As Eyal Erlich works behind the scenes on his debut album, his fans remain poised, waiting to see how the raw vulnerability that pours from his live sets will be channelled into mastered explorations of love, loss, and all the questions left to echo in their silence. His latest preview, All in All, makes a compelling case for what’s to come.
In this live rendition, Erlich delivers a mesmerisingly melodic revisitation to the seraphic grooves of old soul-stained blues, stripped to its bare, affecting bones. The kind that could make a room fall to reverent silence, hanging off every intuitively plucked note and every breath of a chord that sounds like it’s reaching into history.

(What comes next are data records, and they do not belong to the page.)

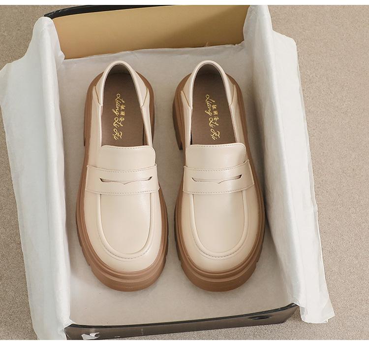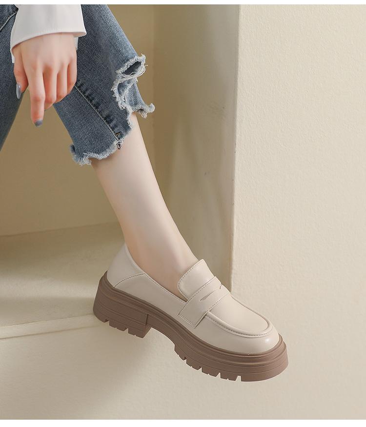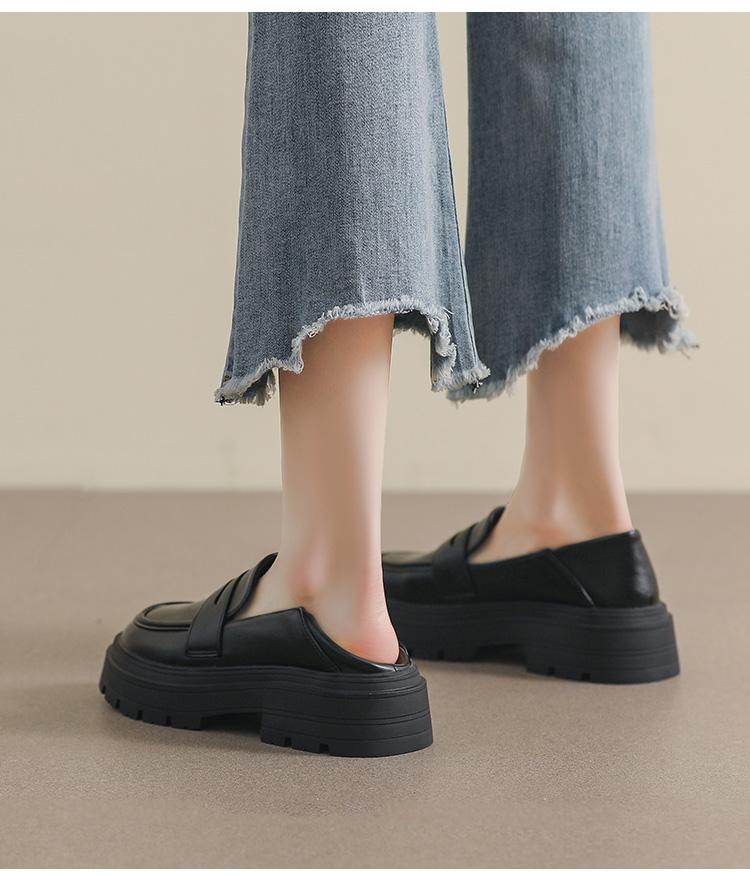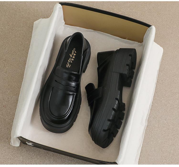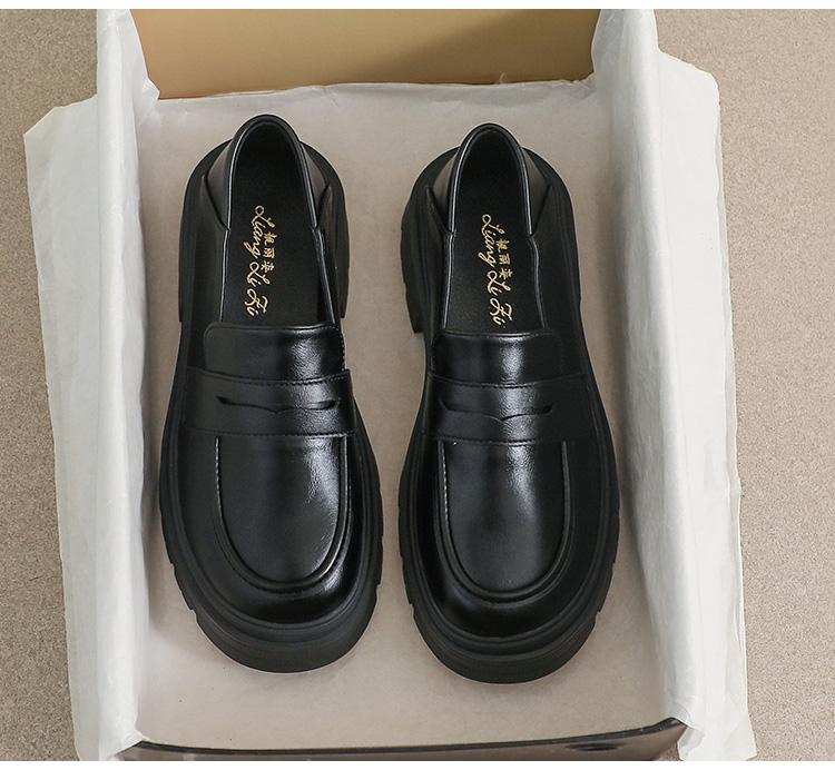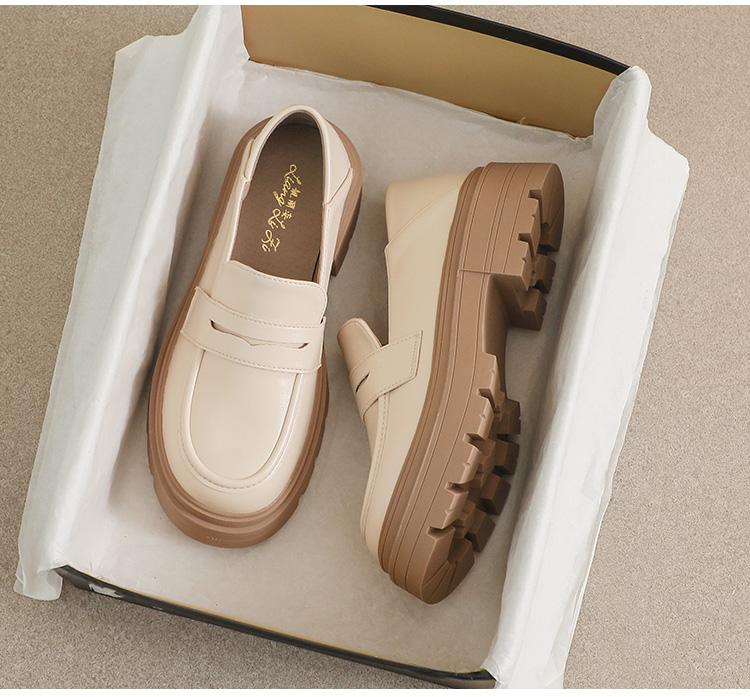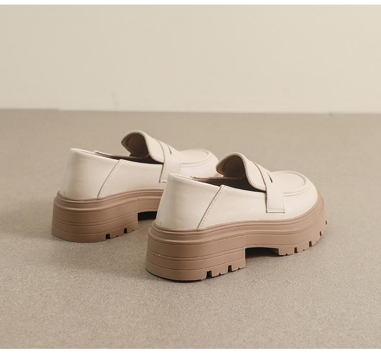 Mocasines de Plataforma de Cuero Genuino para Mujer Primavera y Otoño 2025 Nuevos Zapatos Británicos Retro de una Sola Capa Pequeños Versátiles Aumentadores de Altura Zapatos de Cuero Pequeños
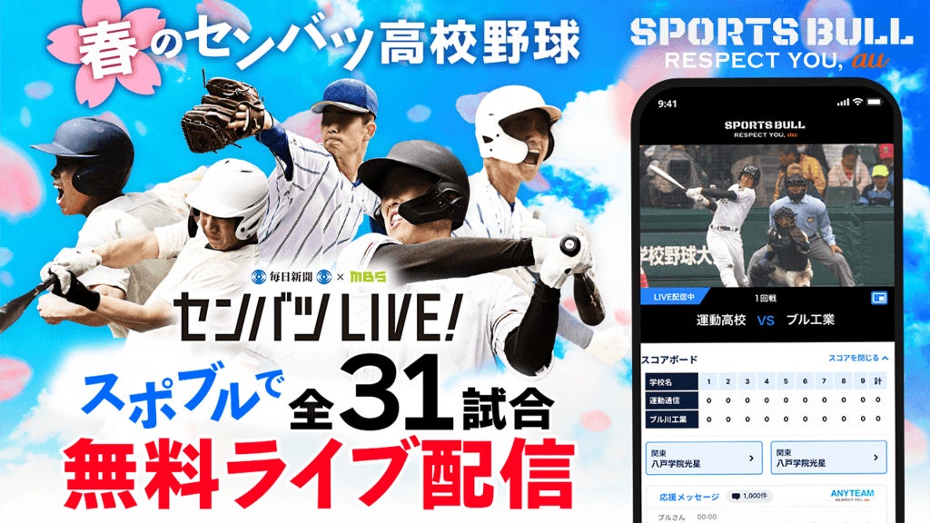 株式会社毎日新聞社(本社:東京都千代田区、代表取締役社長:松木 健、以下 毎日新聞社)、株式会社毎日放送(本社:大阪府大阪市北区、代表取締役社長:虫明 洋一、以下 MBS)、株式会社運動通信社(本社:東京都港区、代表取締役社長:黒飛 功二朗、以下 運動通信社)、KDDI株式会社(本社:東京都千代田区、代表取締役社長 CEO:髙橋 誠、以下 KDDI)は、運動通信社とKDDIが共同で運営するスポーツメディア「SPORTS BULL(スポーツブル)」内「センバツLIVE!」(https://sportsbull.jp/senbatsu/)において、2025年3月18日に開幕する第97回選抜高等学校野球大会(毎日新聞社、日本高等学校野球連盟主催、以下 センバツ高校野球)の全31試合を無料ライブ配信します。
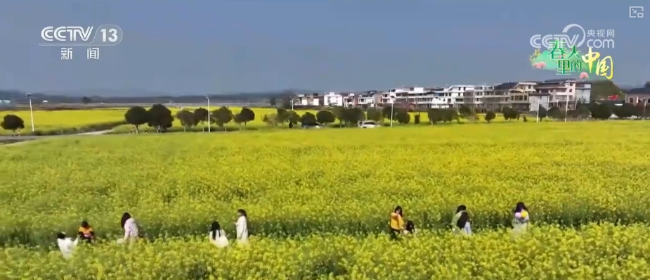 在江西省寧都縣黃石鎮(zhèn)大洲塘村,千畝連片的油菜花迎來盛花期。油菜花田里人頭攢動,游客們穿梭其中拍照打卡。春風拂過,金燦燦的油菜花海構成了一幅鄉(xiāng)村振興的秀美畫卷。
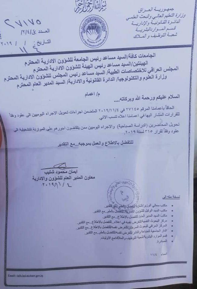 وذكر بيان صدر عن الوزارة ، أن “وزير التعليم العالي والبحث العلمي قصي السهيل قرر تحويل جميع المحاضرين ( الدراسة الصباحية ) وموظفين الاجراء اليوميين في جامعات ومؤسسات وزارة التعليم العالي وكذلك العلوم والتكنولوجيا المدمجة ممن يتقاضون اجورهم على الموازنة التشغيلية إلى عقود وفقا لقرار ٣١٥ لسنة ٢٠١٩”.
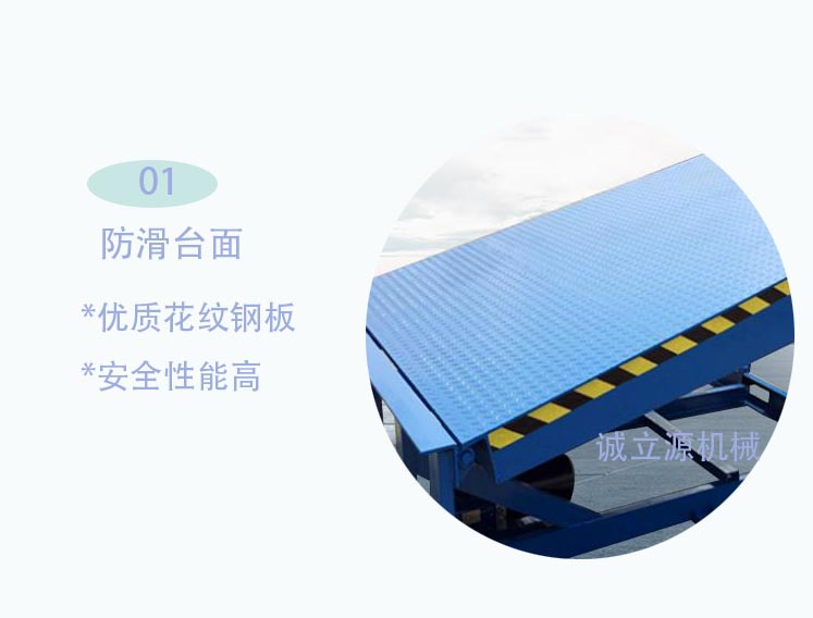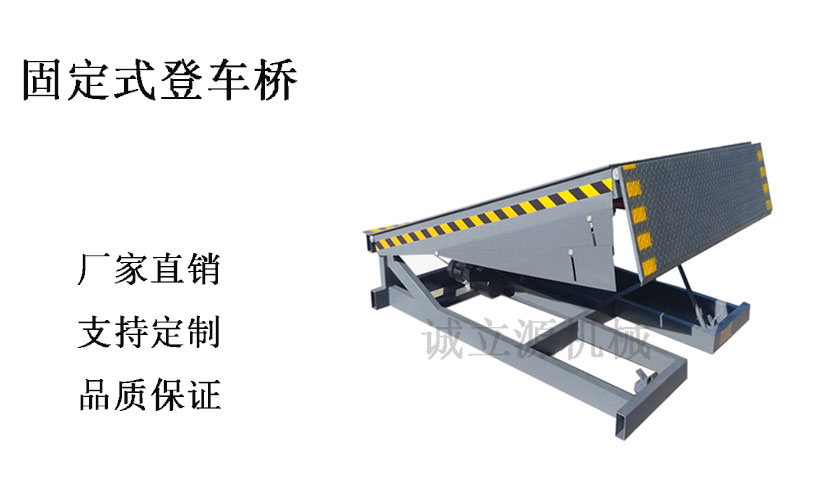 登车桥(装卸货升降平台)登车桥分为固定式、移动式两种,采用国产/进口液压系统,它的主要作用是在货台与运输车辆之间搭起一座桥,使叉车便利行驶,达到高效装卸货目的。该设备一端与货台等高,另一端搭在车厢后沿,并能根据不同的车型及装车过程中车厢的高低变化,自动调整高度。该产品可根据用户的不同需要,在外形尺寸、承受载荷等方面特殊设计。
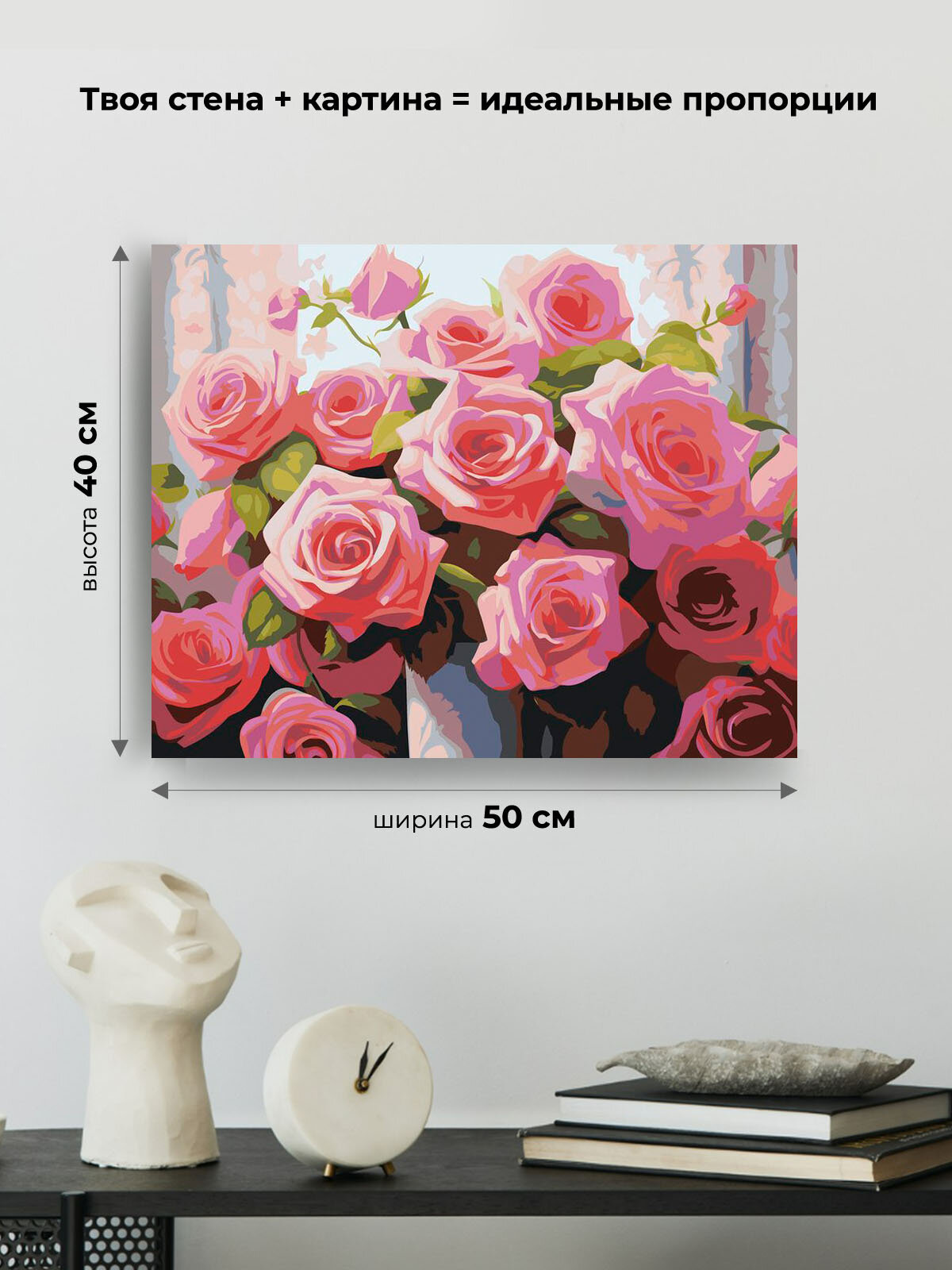 10 цен на Картина по номерам на холсте с подрамником "Цветы: Розовые розы в вазе" Раскраска 40x50 см, Растения
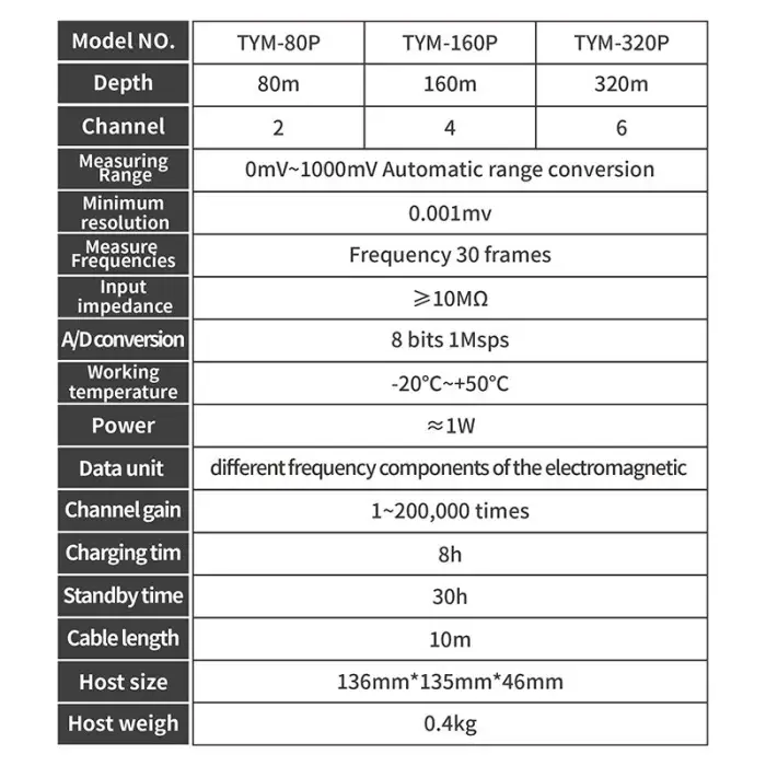 The TYM Borehole Drilling Water Detector is available in three models: TYM-80P, TYM-160P, and TYM-320P, each with different detection depths.

The performance casts its spell through the patient weight of emotion, through a quasi-meditative arrangement that doesn’t rush to crescendo, because it knows its power lies in stillness. It’s the kind of track that lives and breathes in the spaces between, flirtatious with new romantic tendencies, yet anchored by a classic, lounge-like sense of intimate immediacy. If the Doors ever folded into something quieter and more contemplative, this is what might have surfaced.
Recorded live as a raw sketch of what’s to come, All in All proves Erlich doesn’t need studio gloss to strike deep. He only needs a guitar, a still room, and the ability to speak to your soul in its native tongue.
The live performance of All in All is available to stream on YouTube.